***** RECORDS TO USE *****

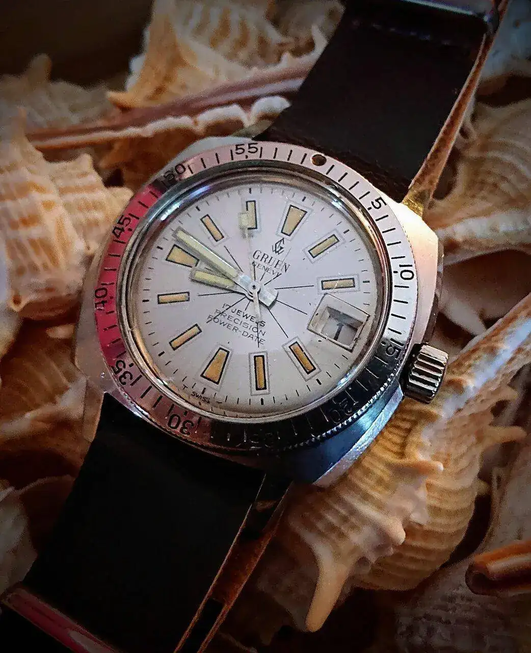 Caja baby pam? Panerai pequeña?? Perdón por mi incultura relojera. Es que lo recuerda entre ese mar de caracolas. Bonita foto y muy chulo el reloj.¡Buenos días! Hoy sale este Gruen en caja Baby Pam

*****
***** RECORDS TO USE *****

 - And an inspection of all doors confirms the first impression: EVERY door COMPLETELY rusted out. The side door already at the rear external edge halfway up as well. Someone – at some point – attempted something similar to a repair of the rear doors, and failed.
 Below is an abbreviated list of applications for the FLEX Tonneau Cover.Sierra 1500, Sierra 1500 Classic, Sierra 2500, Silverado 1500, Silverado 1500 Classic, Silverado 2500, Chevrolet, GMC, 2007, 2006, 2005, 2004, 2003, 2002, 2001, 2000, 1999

*****
***** RECORDS TO USE *****

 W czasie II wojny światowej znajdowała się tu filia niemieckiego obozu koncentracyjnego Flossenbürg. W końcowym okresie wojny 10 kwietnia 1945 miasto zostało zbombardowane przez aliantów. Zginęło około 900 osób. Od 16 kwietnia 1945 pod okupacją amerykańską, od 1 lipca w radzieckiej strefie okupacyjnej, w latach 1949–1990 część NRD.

*****

EXERCISE
Above are the lines; repeat exactly the ones from the line containing "- And an inspection" down to the line containing "Below is an", both inclusive.

EXERCISE RESPONSE
 - And an inspection of all doors confirms the first impression: EVERY door COMPLETELY rusted out. The side door already at the rear external edge halfway up as well. Someone – at some point – attempted something similar to a repair of the rear doors, and failed.
 Below is an abbreviated list of applications for the FLEX Tonneau Cover.Sierra 1500, Sierra 1500 Classic, Sierra 2500, Silverado 1500, Silverado 1500 Classic, Silverado 2500, Chevrolet, GMC, 2007, 2006, 2005, 2004, 2003, 2002, 2001, 2000, 1999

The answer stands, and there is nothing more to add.